INSTRUCTIONS TO FOLLOW =
Retype word for word the stretch of entries below from the line that has "A papel picado" through the line that has "Hendek Kaymakamlığı önünde", and omit the pictures.

INFORMATION =
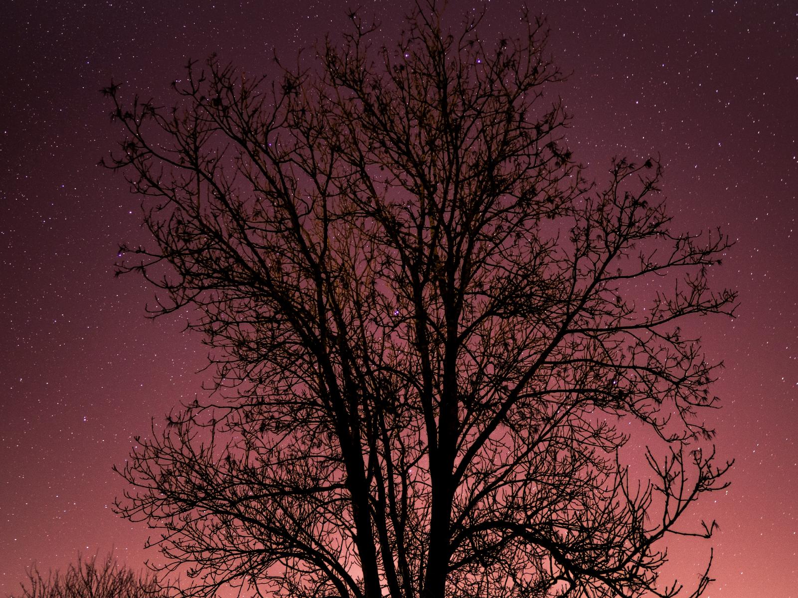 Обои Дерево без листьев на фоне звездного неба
==
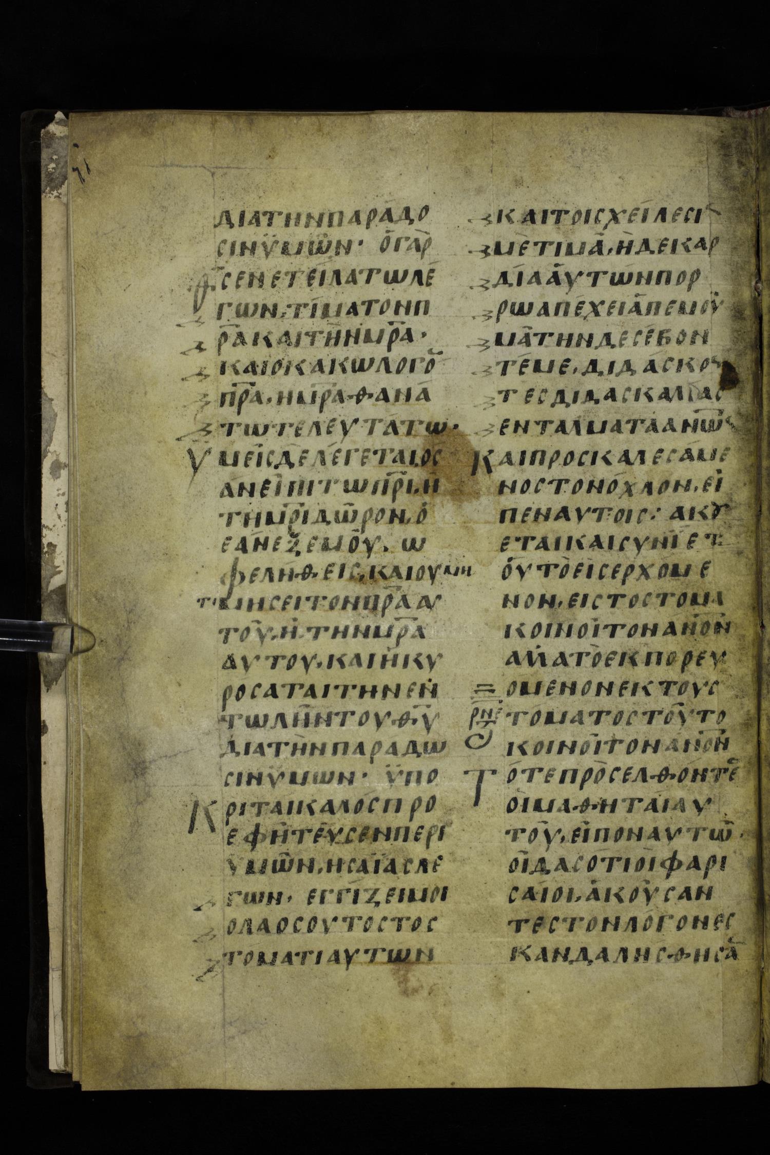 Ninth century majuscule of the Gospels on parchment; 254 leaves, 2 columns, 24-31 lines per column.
* * *
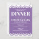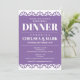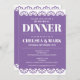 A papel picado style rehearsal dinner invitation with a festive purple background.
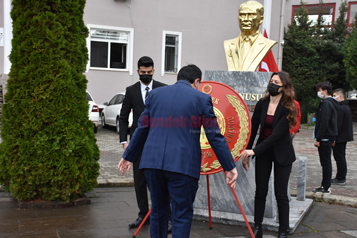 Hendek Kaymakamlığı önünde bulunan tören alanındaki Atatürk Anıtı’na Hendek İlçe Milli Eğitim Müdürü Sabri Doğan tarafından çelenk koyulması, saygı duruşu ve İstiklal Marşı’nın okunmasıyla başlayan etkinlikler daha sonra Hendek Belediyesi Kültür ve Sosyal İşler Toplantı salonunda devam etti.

WRITTEN SOLUTION =
 A papel picado style rehearsal dinner invitation with a festive purple background.
 Hendek Kaymakamlığı önünde bulunan tören alanındaki Atatürk Anıtı’na Hendek İlçe Milli Eğitim Müdürü Sabri Doğan tarafından çelenk koyulması, saygı duruşu ve İstiklal Marşı’nın okunmasıyla başlayan etkinlikler daha sonra Hendek Belediyesi Kültür ve Sosyal İşler Toplantı salonunda devam etti.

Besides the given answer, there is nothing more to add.